This is very subjective, so I will not trade in this market myself.

For context, here are three of the best contenders so far for doing something useful on a downstream task with model internals, and why I don't think they count:

  • SHIFT in Sam Marks' Sparse Feature Circuits - An SAE circuit was found feeding into a probe that had picked up on a spurious correlation with gender, and ablating key gender tracking features reduced the spurious correlation. IMO this is the closest attempt so far, and they compare reasonably to a range of baselines, but I think falls a bit short, as the task is a bit too contrived/spurious for my tastes. I think a similar thing in a more complex/useful setting could be sufficient though.

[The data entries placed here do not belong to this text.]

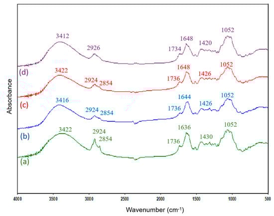 The broad peak at 3422 cm−1 can be attributed to O–H stretching vibrations of free hydroxyl groups (alcohols and phenols) and bonded OH bands of carboxylic acids present in the main components of OW (cellulose, pectin, hemicellulose, etc.) [,]. In addition, the amplitude and intensity of this peak may be related to the presence of adsorbed water molecules from atmospheric moisture [,]. To minimize this effect, the analyzed samples were dried in an oven and stored in a desiccator prior to its use. The peak at 2924 cm−1 was recognized as symmetric or asymmetric –CH stretching of the aliphatic groups, and the peak at 2853 cm−1 can be associated with symmetric stretching vibration of these groups []. The peak at 1736 cm−1 shows the stretching vibration of the C=O bond due to non-ionic carboxyl groups, and may be assigned to carboxylic acids or their esters (–COOH, –COOCH3) []. The peak around 1636 cm−1 is due to the C=C stretching that can be attributed to the presence of aromatic rings, COO- asymmetric stretching, and the bending vibration of the interlayer water molecules []. These bands can reveal the presence of pectin, hemicellulose, and lignin in the OW [].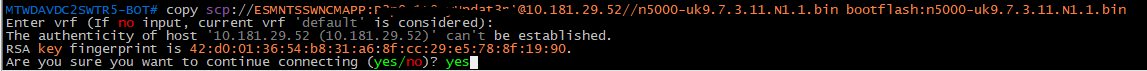 2023-03-15 13:18:19,584 [109] ERROR SolarWinds.NCM.Transfer.DirectTransfer - ErrorMessage: Process could not continue because execution results do not match expected pattern: n5000-uk9.7.3.11.N1.1.bin CommandOutput: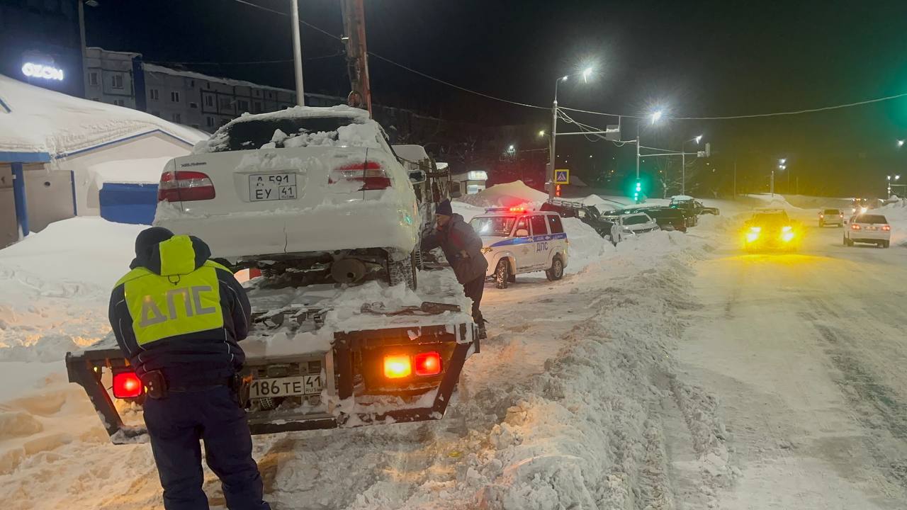 В Петропавловске-Камчатском в ночную смену были эвакуированы машины, брошенные вдоль проезжей части и мешающие работе снегоуборочной техники.

  • Golden Gate Claude - while very fun, they didn't compare to the baselines of a system prompt or steering vector (and I am unconvinced GGC would win). I would have considered a user study on eg "how fun is the system to use" where GGC won over those baselines to be successful resolution. It’s fine if “how fun is the system to use” was chosen after creating GGC, so long as it was chosen before the user study (no p-hacking!) - I want an existence proof of SAEs being useful.

  • Refusal is mediated by a single direction - a paper where we found a refusal steering vector and ablated it to jailbreak the model. In addition to not being on SAEs (and so instantly disqualified), we only found that it was competitive with fine-tuning, not better. It might have won on jailbreaking at a given compute budget (or at least, be outside the Pareto frontier of jailbreaking successes against compute budgets)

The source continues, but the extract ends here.